Greek noble and soldier

Constantine Palaiologos or Palaeologus (Κωνσταντῖνος Παλαιολόγος; died 1508) was a 16th-century noble of Greek descent who served as a soldier in Italy. By the time of his death in 1508, he served the Papal States, having risen through the ranks to become the commander of the Papal Guard.

There are no primary sources that can confirm his parentage or possible connections to the Palaiologos dynasty, the final ruling family of the Byzantine Empire (which they ruled 1259/1261–1453). In 1965, British historian Steven Runciman identified Constantine as the son of Andreas Palaiologos, a nephew of the final Byzantine emperor (and Constantine's namesake) Constantine XI Palaiologos. Andreas, otherwise commonly believed not to have left any descendants, died poor in Rome in 1502. Runciman referred to Constantine as "handsome but worthless". In 1980, Runciman was no longer as confident in Constantine's parentage, writing that Andreas "was said to have left a son called Constantine". British historian Donald Nicol also believed Constantine to have been a son of Andreas, as does genealogist Peter Mallat. It is possible that he can be identified with a "Constantinus de Morea", mentioned as the receiver of a pension by Pope Innocent VIII (1484–1492).

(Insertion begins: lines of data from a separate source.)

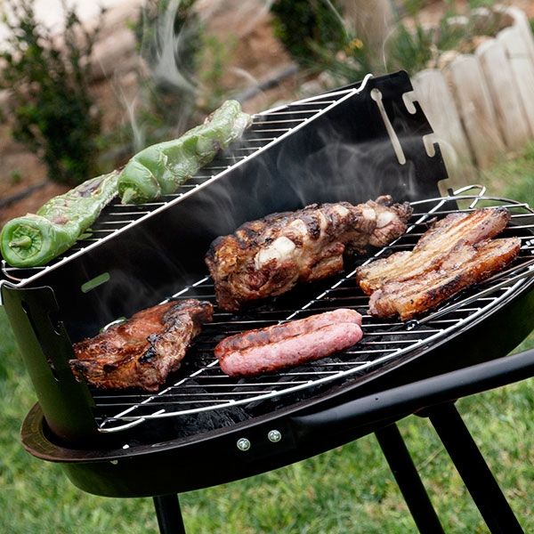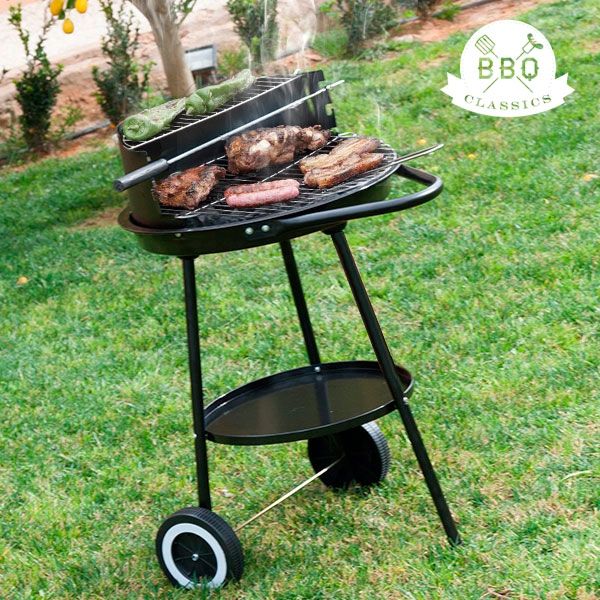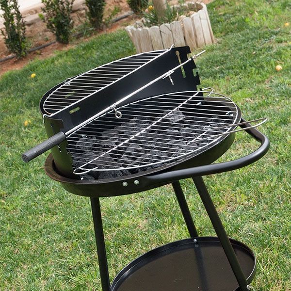 Dieser Außengrill besteht aus Aluminium und bietet eine Abstellfläche für das Grillzubehör und die Gewürze. Der Grill verfügt über eine obere und eine untere Grillfläche, sowie einem mitgelieferten Spieß. Maße (erste Grillfläche - Durchmesser x Höhe) ca.: 43 x 58 cm. Maße (zweite Grillfläche - Durchmesser x Höhe) ca.: 43 x 70 cm. Inklusive Anleitung und Werkzeug für die Montage.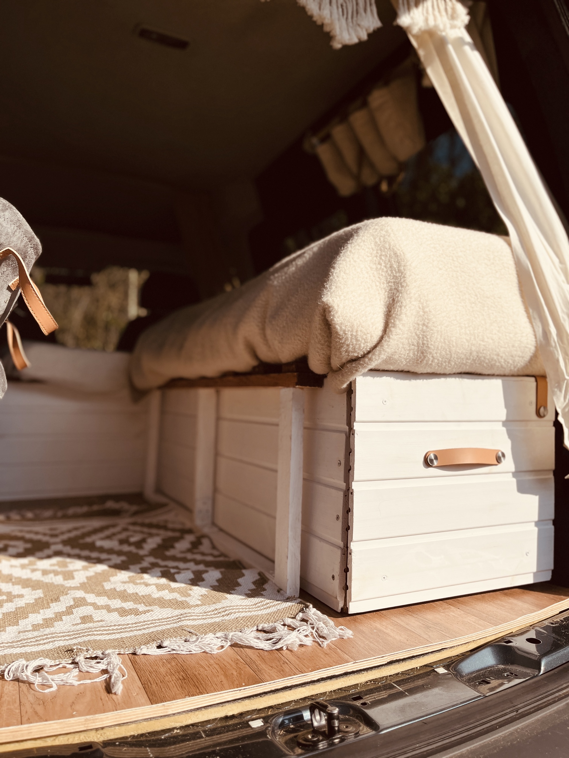 Ich habe mich bewusst für ein Ausziehbett entschieden, damit ich bei schlechtem Wetter nicht immer im Auto liegen muss, sondern auch mal drinnen sitzen kann. Unter dem Bett befindet sich ein Auszug in dem meine Küche und alle notwendigen Utensilien verstaut sind. Mein Schrank auf der anderen Seite ist derzeit noch nicht ganz fertig, dort werde ich im unteren Bereich noch Schiebetüren eingebaut.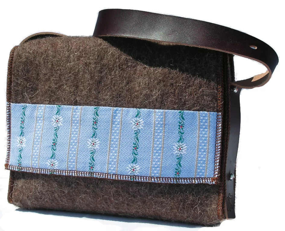 Edelweiss Stoff und Schweizer Armee Decke - Tradition mit Tradition vereint und was ist das Ergebnis? Eine moderne Umhängetasche die auch bei nicht traditionell veranlagten Menschen grossen Anklang findet. Der Deckel mit Klettverschluss ermöglicht einen schnellen Griff zu Handy, Dokumenten und Co.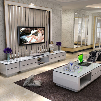 夏瑞斯茶几钢化ガラス焼き付けテレビキャビネット客間現代家具テレビキャビネット茶の組み合わせセット

Constantine died in obscurity and he is not known to have had any children. The known members of the Imperial Palaiologos dynasty were rendered extinct shortly thereafter with the deaths of Andreas's brother Manuel Palaiologos in the reign of the Ottoman sultan Bayezid II (r. 1481–1512) and the death of Manuel's son Andreas in the reign of sultan Suleiman the Magnificent (1520–1566). British historian Russell Foster considered Constantine a suitable end to the line of Roman emperors, writing:

Andreas' only son, Constantine Palaiologos, the last male heir of the Roman Imperial line traceable back to Julius Caesar, died in 1508 as a common soldier in Rome – a fitting end to fifteen centuries of Roman Imperators.